Sequencing considerations are increasingly supported by data. BsAbs retain meaningful activity after CAR-T failure: in a multicenter real-world analysis (n=92, predominantly glofitamab), the ORR post-CAR-T was 43%, with outcomes stratified sharply by time to CAR-T relapse—ORR was 60% in late relapse (>6 months) versus 29% in early relapse (≤3 months) 14. Notably, patients receiving BsAbs as first salvage after CAR-T failure showed superior median PFS (not reached) and OS (not reached) compared to those receiving intervening therapy before BsAb 14. Conversely, epcoritamab showed an ORR of 54.1% even in CAR-T–refractory patients 13.
Route of administration and setting: Epcoritamab's subcutaneous formulation allows predominantly outpatient initiation; in a prospective outpatient cohort, 90% of patients received their first full dose as outpatients 33. Mosunetuzumab offers a defined-duration regimen: patients with a complete response after 8 cycles discontinue therapy, whereas patients with a partial response or stable disease may continue treatment for up to 17 cycles unless disease progression or unacceptable toxicity occurs. Odronextamab and epcoritamab continue until progression or intolerance 2.
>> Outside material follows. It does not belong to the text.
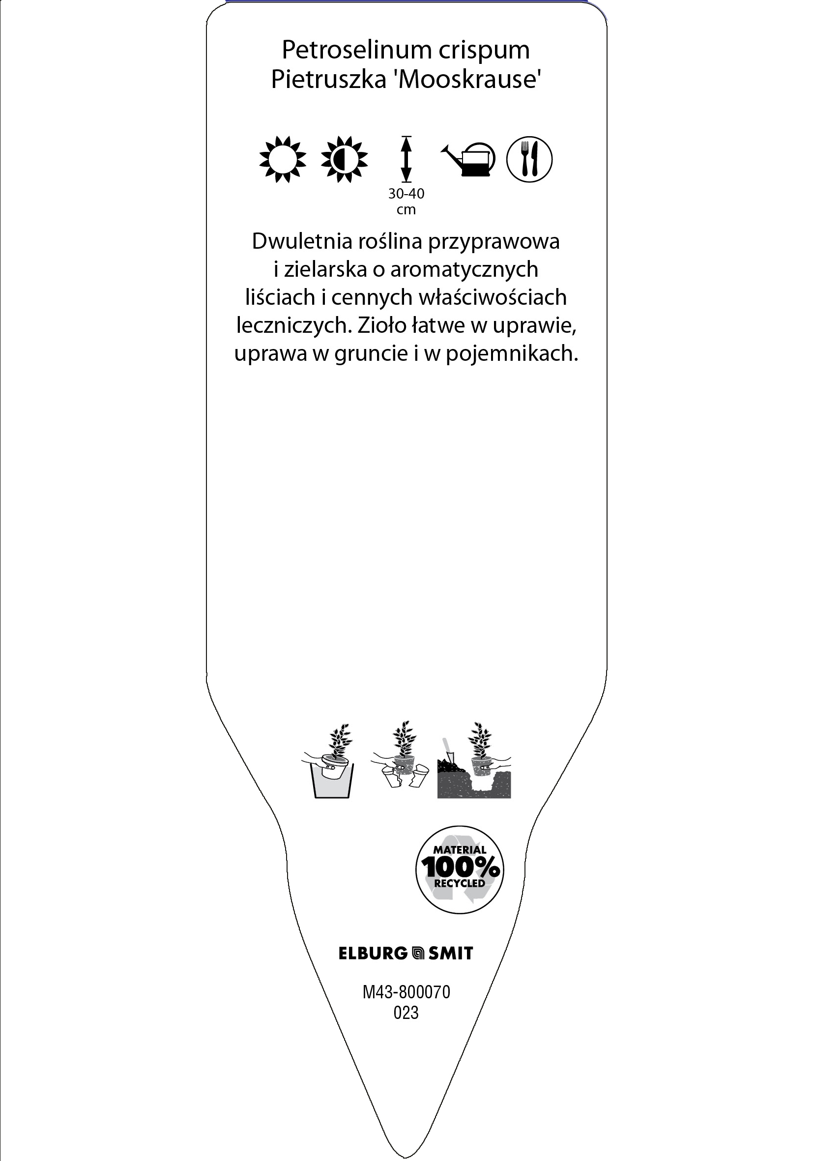 Etykieta wtykana w rozmiarze 35×100 mm. Wykonana z polistyrenu o grubości 0,6 mm w 100% pochodzącego z recyklingu. Etykieta odporna na działanie czynników atmosferycznych. Całość dodatkowo zabezpieczona jest lakierem UV zapobiegającym utracie kolorów.

Patient eligibility: CAR-T is often limited in elderly or heavily comorbid patients by fitness requirements, lymphodepletion, and inpatient monitoring mandates. BsAbs—including epcoritamab combined with R-mini-CHOP—have demonstrated high CR rates and MRD negativity in very elderly first-line LBCL patients, extending therapeutic reach to populations ineligible for CAR-T 33.
Comparative Synthesis and Conclusions
CAR-T cell therapy delivers unmatched depth and durability—particularly in 2L transplant-eligible DLBCL (axi-cel, liso-cel) and R/R FL—and represents curative-intent therapy in eligible patients. However, its ICANS burden, manufacturing latency, and complex infrastructure requirements constrain its universal applicability. BsAbs offer scalable, rapid, off-the-shelf immunotherapy with manageable predominantly low-grade CRS, outpatient feasibility, and meaningful activity across all three major B-cell NHL subtypes, including in post-CAR-T settings. The STARGLO trial's demonstration of OS benefit for glofitamab plus GemOx in later-line DLBCL marks a critical milestone for BsAb-based regimens 33.
Critically, cross-trial efficacy comparisons must be interpreted with caution given heterogeneity in patient populations, prior lines of therapy, assessment timing, and trial design 33. Direct head-to-head randomized comparisons remain absent. Nonetheless, an evolving framework positions CAR-T as the preferred modality where manufacturing is feasible and patients are fit—particularly in 2L DLBCL and early-relapse FL—while BsAbs serve as the optimal choice when CAR-T is inaccessible, contraindicated, or when rapid intervention is required. Ongoing trials evaluating BsAbs in earlier treatment lines, in combination with chemoimmunotherapy, and in first-line elderly populations, alongside next-generation allogeneic and point-of-care CAR-T platforms, will continue to refine this evolving therapeutic landscape 283337.